Mean: 30.0, Median: 30.0, Standard Deviation: 15.811388300841896


Q10. Given a Pandas DataFrame df with a column 'Sales' and a column 'Date', write a Python 
function to create a new column 'MovingAverage' that contains the moving average of the sales for the past 7 days for each row in the DataFrame.
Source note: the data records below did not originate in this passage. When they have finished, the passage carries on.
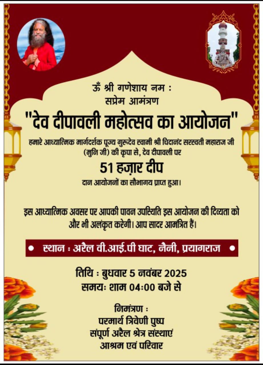 प्रयागराज, 3 नवंबर । उत्तर प्रदेश की कुंभ नगरी प्रयागराज के परमार्थ निकेतन, त्रिवेणी पुष्प एवं सम्पूर्ण अरैल क्षेत्र की संस्थाएं तथा आश्रम परिवार की सहभागिता से देव दीपावली एवं वृहद दीपदान महोत्सव का आयोजन पांच नवंबर को किया जाएगा।
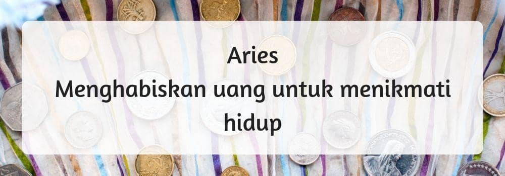 Dikenal dengan sifat mudah marah dan senang mengambil risiko, Aries senang menikmati hidup dan menghabiskan uang tanpa memikirkan hari esok. Namun karena itu pula, mereka akan bekerja keras untuk dapat menggunakan pendapatannya secara maksimal. Jika menginginkan sesuatu, Aries akan melakukan segala cara untuk mendapatkannya. Penting bagi Aries untuk mengalihkan semangat ini ke arah menabung sehingga membantu mereka untuk dapat melanjutkan gaya hidup yang serba cepat ini.
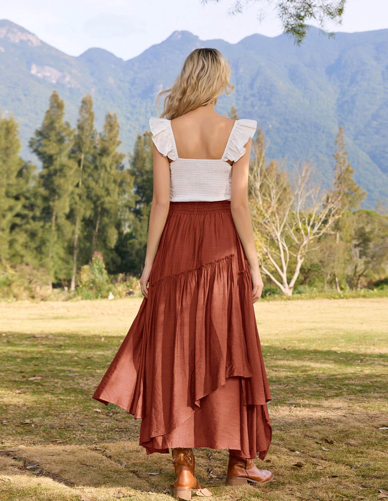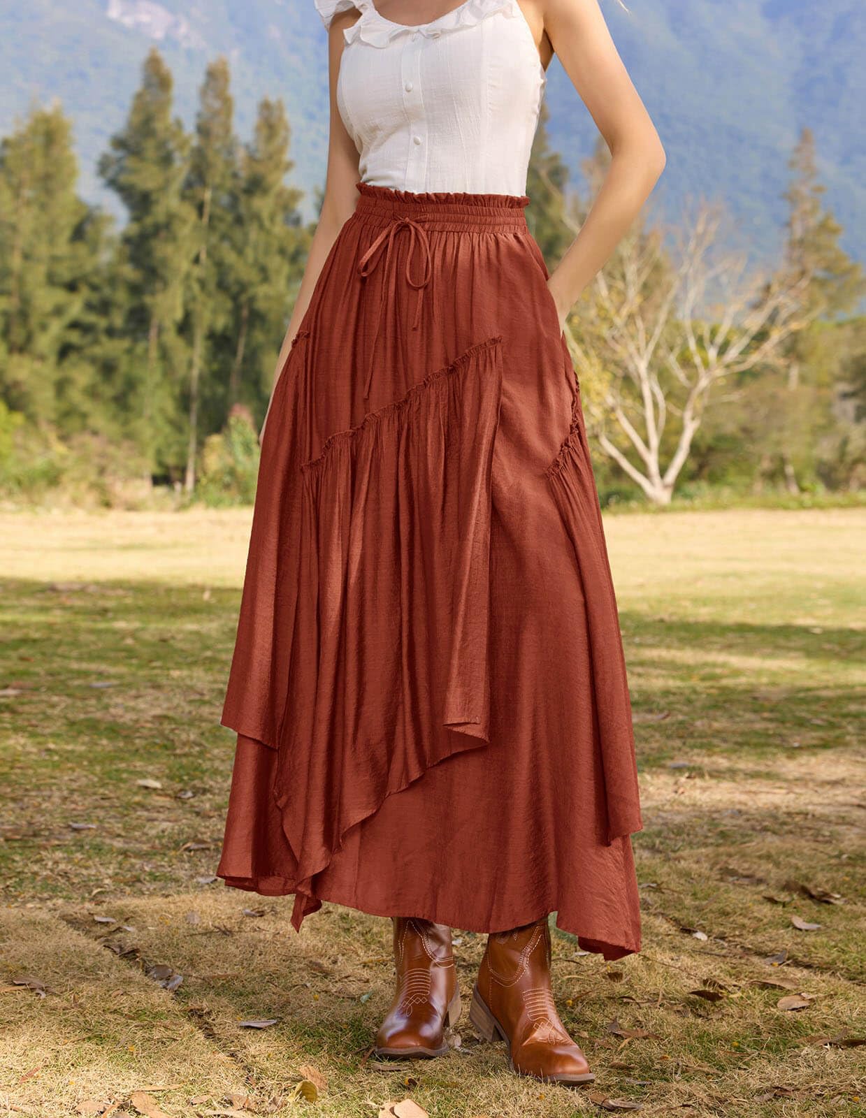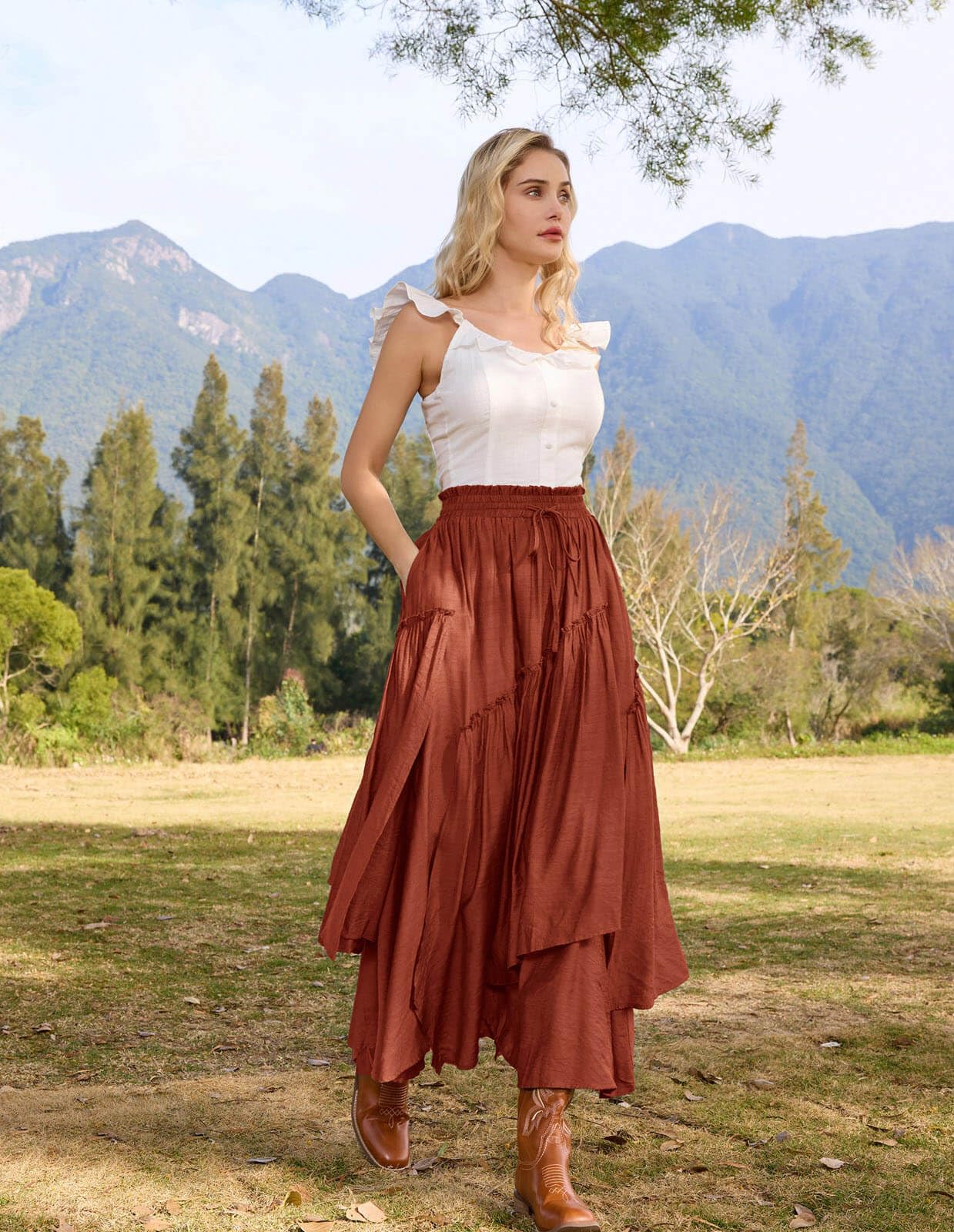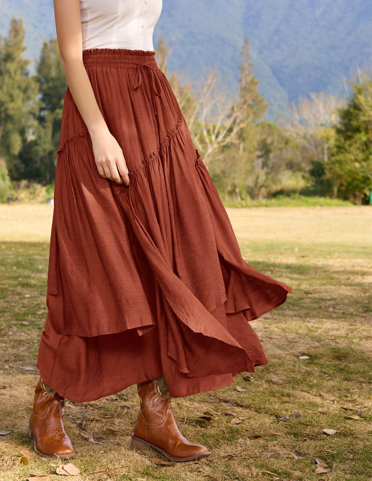 Feature - Designed with side-seam pockets, elastic high waist with drawstring, ankle length flowy a-line hem, slant seam overlay tiered, with lined not see through
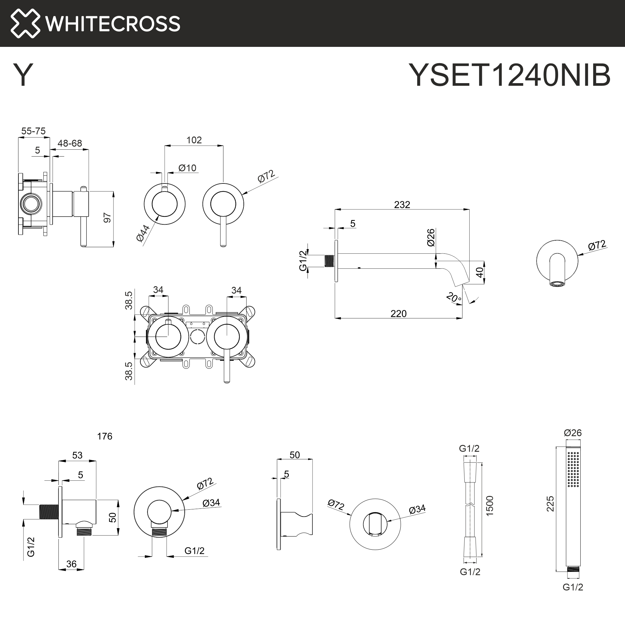 Смеситель для ванны скрытого монтажа WHITECROSS Y YSET1240NIB (брашированный никель)
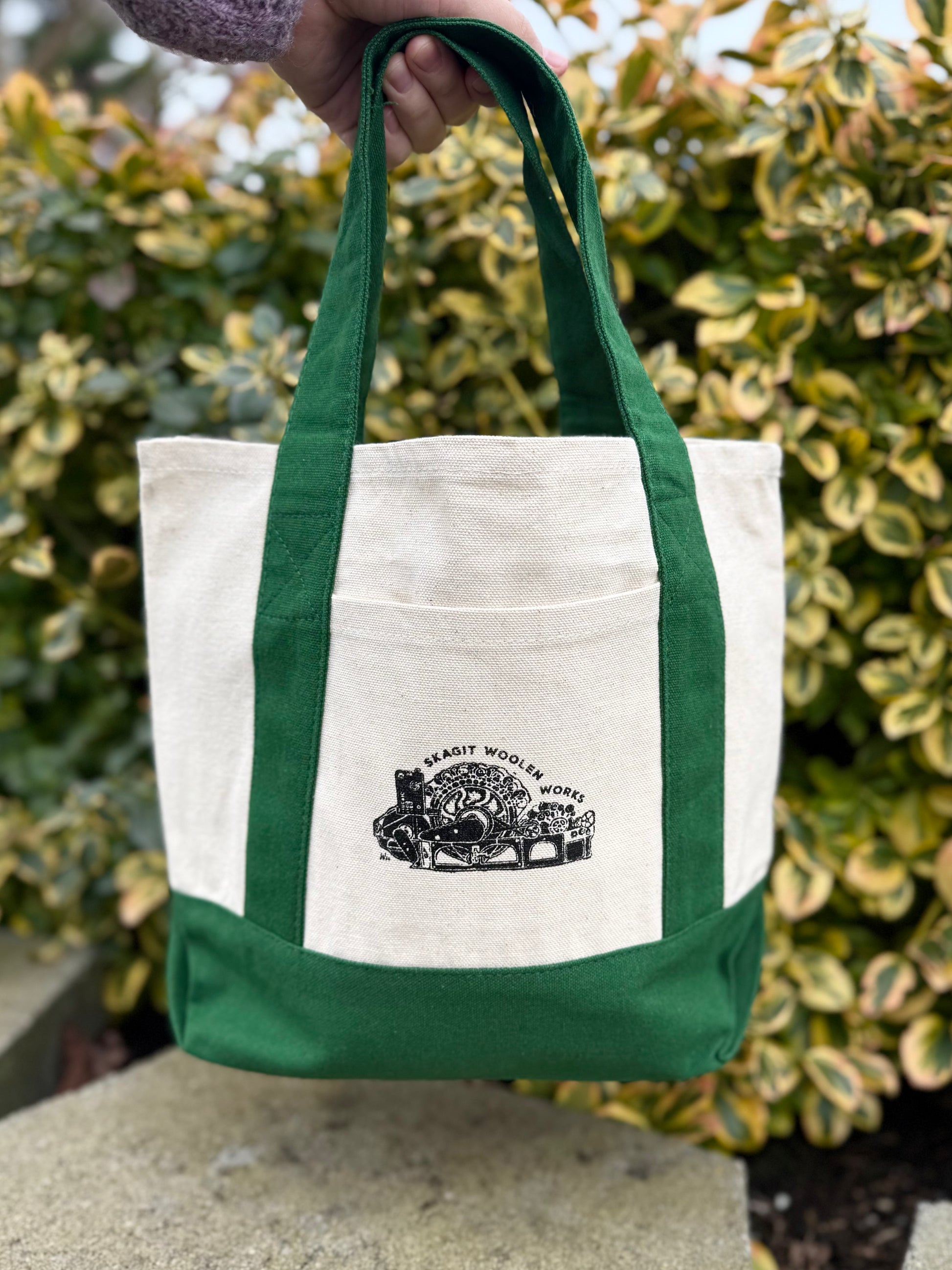 Friend of the mill and talented artist Kelly Blau created the carved print of our 103 year old Davis & Furber carder, lovingly named 'Rosie'. We now have two styles of bags to choose from! Zippered or shopping tote, both are high quality and a great way to show off your Rosie love.
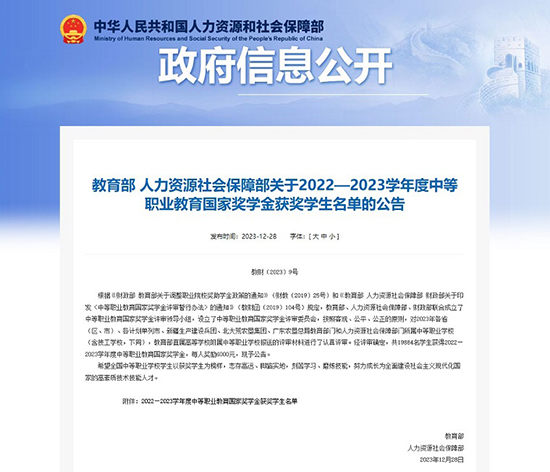 2023年12月末,教育部、人力資源和社會保障部發布了《2022—2023學年度中等職業教育國家獎學金獲獎學生名單》的公告,海寧技師學院5名學生獲得中職國家獎學金,截止目前海寧技師學院已共有25名學子獲得本項國家級殊榮。
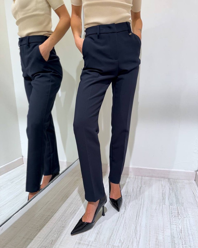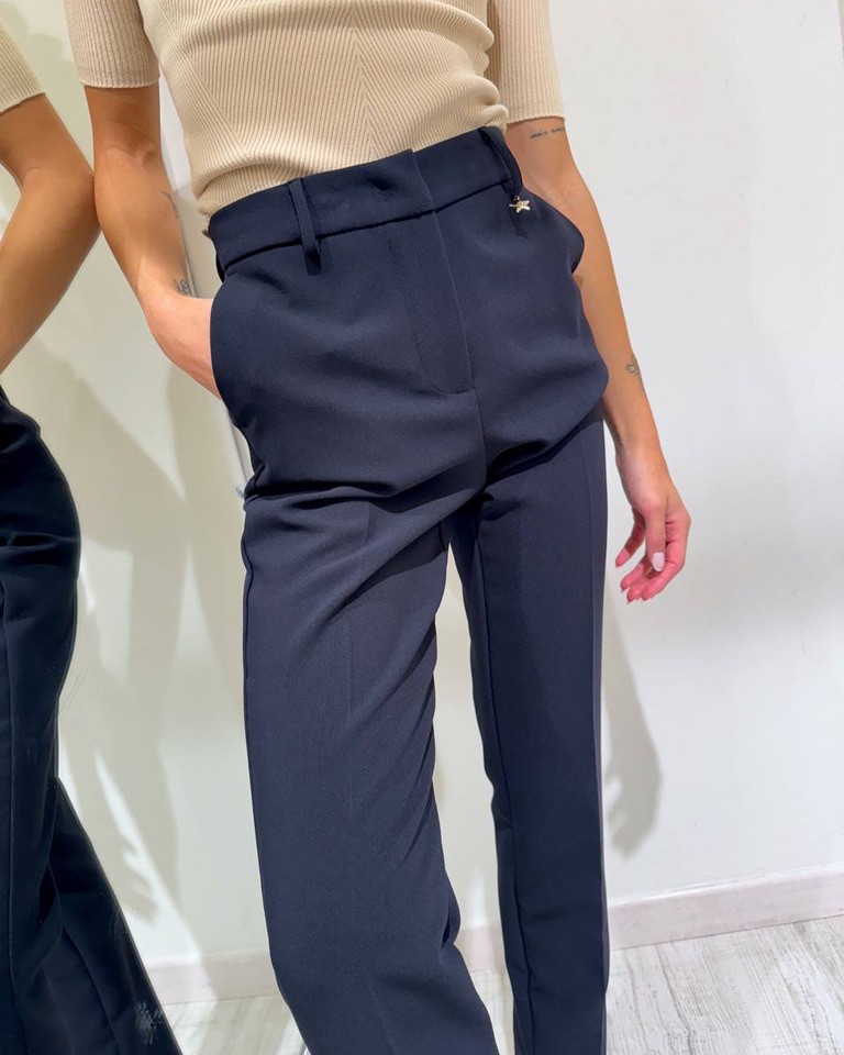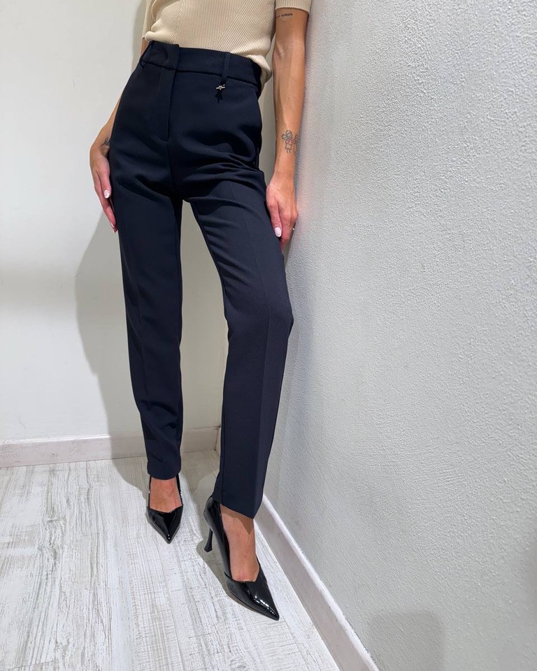 Pantalone blu modello sigaretta con vita medio alta con passanti, tasche laterali a filo e chiusura frontale con cerniera e gancio nascosti. Vestibilità regolare non elasticizzata.

The moving average should be calculated using a window of size 7 and should include the current day.

In [17]:
import pandas as pd

def moving_average(df):
    df['MovingAverage'] = df['Sales'].rolling(window=7, min_periods=1).mean()
    return df


df = pd.DataFrame({
    'Date': pd.date_range(start='2022-01-01', periods=14, freq='D'),
    'Sales': [10, 20, 30, 40, 50, 60, 70, 80, 90, 100, 110, 120, 130, 140]
})

df_with_ma = moving_average(df)
df_with_ma

Unnamed: 0,Date,Sales,MovingAverage
0,2022-01-01,10,10.0
1,2022-01-02,20,15.0
2,2022-01-03,30,20.0
3,2022-01-04,40,25.0
4,2022-01-05,50,30.0
5,2022-01-06,60,35.0
6,2022-01-07,70,40.0
7,2022-01-08,80,50.0
8,2022-01-09,90,60.0
9,2022-01-10,100,70.0


In [None]:
Q11. You have a Pandas DataFrame df with a column 'Date'. Write a Python function that creates a new
column 'Weekday' in the DataFrame. The 'Weekday' column should contain the weekday name (e.g.
Monday, Tuesday) corresponding to each date in the 'Date' column.
For example, if df contains the following values:
Date
0 2023-01-01
1 2023-01-02
2 2023-01-03
3 2023-01-04
4 2023-01-05

Your function should create the following DataFrame:

Date Weekday
0 2023-01-01 Sunday
1 2023-01-02 Monday
2 2023-01-03 Tuesday
3 2023-01-04 Wednesday
4 2023-01-05 Thursday
The function should return the modified DataFrame.

In [20]:
import pandas as pd

def weekday(df):
    df['Date'] = pd.to_datetime(df['Date'])
    df['Weekday'] = df['Date'].dt.day_name()
    return df

df = pd.DataFrame({'Date': ['2023-01-01', '2023-01-02', '2023-01-03', '2023-01-04', '2023-01-05']})
df = weekday(df)
print(df)    

        Date    Weekday
0 2023-01-01     Sunday
1 2023-01-02     Monday
2 2023-01-03    Tuesday
3 2023-01-04  Wednesday
4 2023-01-05   Thursday


Q12. Given a Pandas DataFrame df with a column 'Date' that contains timestamps, write a Python
function to select all rows where the date is between '2023-01-01' and '2023-01-31'.

In [24]:
import pandas as pd

def select_dates(df):
    df['Date'] = pd.to_datetime(df['Date'])
           
    mask = (df['Date'].dt.date >= pd.Timestamp('2023-01-01').date()) & \
           (df['Date'].dt.date <= pd.Timestamp('2023-01-31').date())
    result = df.loc[mask]
    
    return result

df = pd.DataFrame({'Date': ['2023-01-01', '2023-01-02', '2023-02-01', '2023-02-02']})
result = select_dates(df)
result

Unnamed: 0,Date
0,2023-01-01
1,2023-01-02


Q13. To use the basic functions of pandas, what is the first and foremost necessary library that needs to
be imported?

The first and foremost necessary library that needs to be imported to use the basic functions of pandas is 'pandas' itself.